I'm leaning towards just not co-investing as them taking carry on my co-invest rubs me the wrong way (after I've been working on the deal and will be working heavily on post-close management), but curious for other perspectives if this is actually "market".


Thanks 

 

I guess it depends on how much you are looking to co-invest as a % of the total capital. If it's let's say a $25mm cheque and you want to put in like $50k then it may be uneconomical for the firm to bother amending the LPA to have a second non-carry paying fee class. If I were you I wouldn't bother co-investing.

 

Got it and that's what I was thinking, this is the scenario basically of what's happening. I'm just struggling to think of why this would be hard to add to an LPA (that is not finalized yet -- remember, it's a deal-by-deal raise and these are still new and open docs). It seems pretty easy to me to add a clause that the firm's employees are not charged fees/carry, why would another LP push back on that? Alternatively, I do not see a reason why we could not just have ours waived even if this was not specifically documented in the LPA. 

 

For what it is worth, I worked for a fund where the owner wanted LPs to believe that even principals were investing in the fund and having fees deducted and that no one got a "free ride". In actuality we just had staff sign a one page side letter which states that no mgmt fees or carry are to be charged on their commitment and we gave it to our fund admin and it was easy to track...it's not a big deal unless you work for the type of people to make it a big deal. Side letter is the way to go IMHO.

 
Most Helpful

I'm a little confused by the fact pattern. If you're asking about the GP portion of a co-investment, then at my firm it's no fee / no carry (i.e. why take carry on your own dollars?). That'd be weird for the partners to take carry on a VP's co-investment. It should all be treated the same way. I'm not sure why they would do that unless (i) they are not good guys or (ii) they got screwed on the non-GP investment carry structure and are looking to someone squeeze more dollars out. Either way, that does not sound good. 

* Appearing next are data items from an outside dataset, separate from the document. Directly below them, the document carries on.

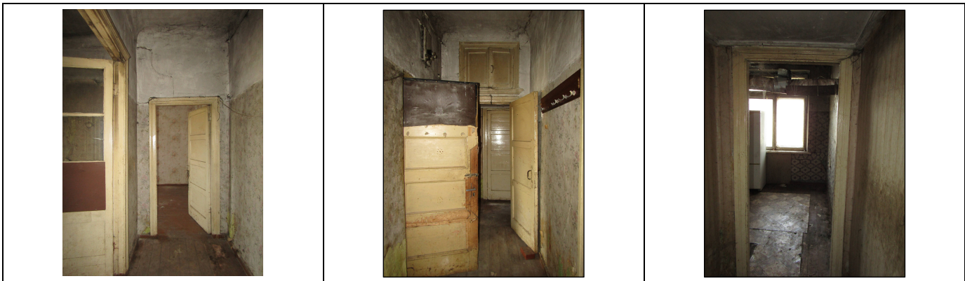
Skats uz gaiteni
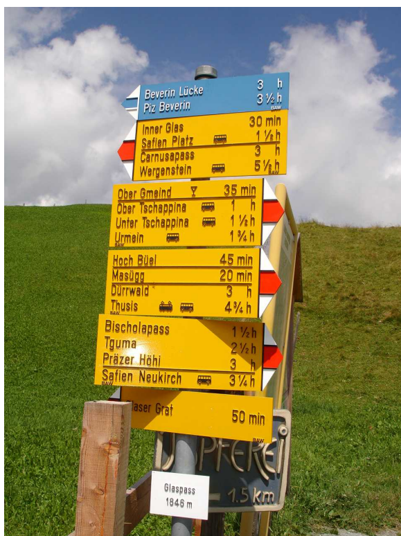
Wanderwege rund um den Glaspass.
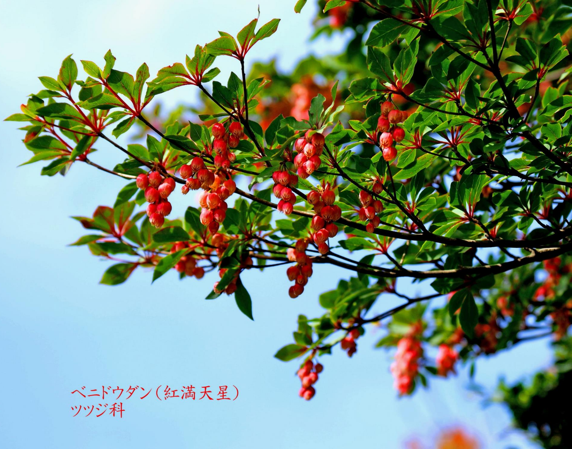
ベニドウダン(紅満天星) ツツジ科
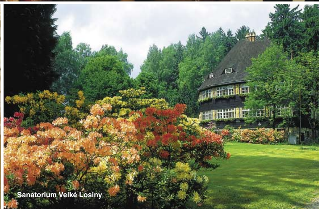
Sanatorium Velké Losiny
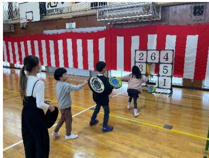
フリスビーでスピード競争！
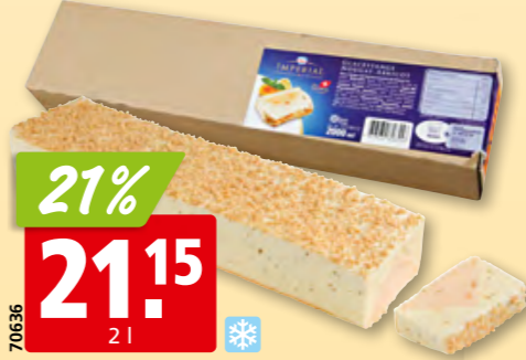
Nestlé Frisco Imperial Bûche Nougat/Aprikose
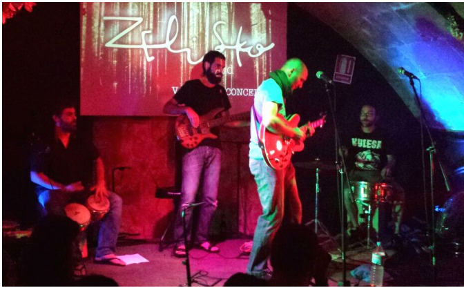
Configuración 1 + 3
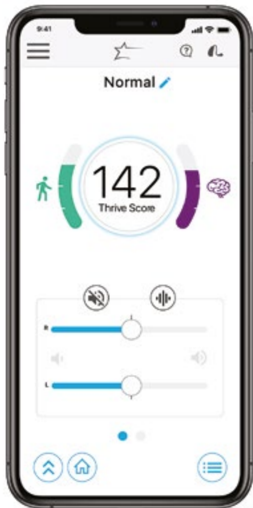
TF 9-2PLUS und Thrive Hearing Control App

Diese und viele andere ebenso innovative wie praktische Features manifestieren einen Quantensprung, der aus dem einstigen medizinischen Produkt einen modernen Begleiter für den digitalen Alltag macht. (hrx)
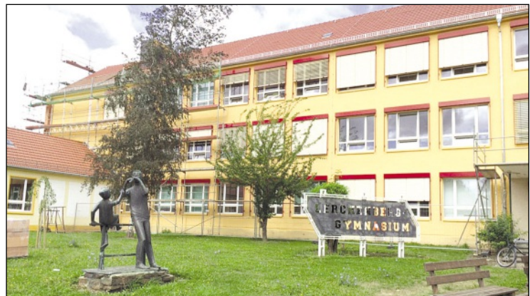
Die Außenfassade des Lerchenberggymnasiums hat einen mediterranen Farbanstrich erhalten

Landkreis. Nachdem während der Sommerferien mehr als eine Million Euro an Schulen des Landkreises verbaut wurde (u. a. Lerchenberggymnasium, Foto), fließen nun noch einmal über 200.000 Euro in Sanierungsarbeiten an Bildungseinrichtungen im Altenburger Land.

I'm also confused if you have carry or not. 

I believe this is market but others can correct me. 

Edit: At the mid-level, it'd be weird to not coinvest your pro rata share. You may have good reasons but it'd be looked down upon and as if you weren't a "team player". 

 

Thanks -- so to clarify, I do not have carry, just some TBD profit sharing in the event of an exit. I'd be investing alongside other LPs on the same terms as other LPs (NOT investing with the GP), just with my management fees waived. It's the scenario someone else mentioned -- they are taking carry on my $50k investment into a $20M total fundraise. They did not get screwed on the non-GP investment carry structure: it's a deal by deal raise, so all new funds coming in are under the same carry terms that I am being charged. There is no "pro rata share" that I currently have. 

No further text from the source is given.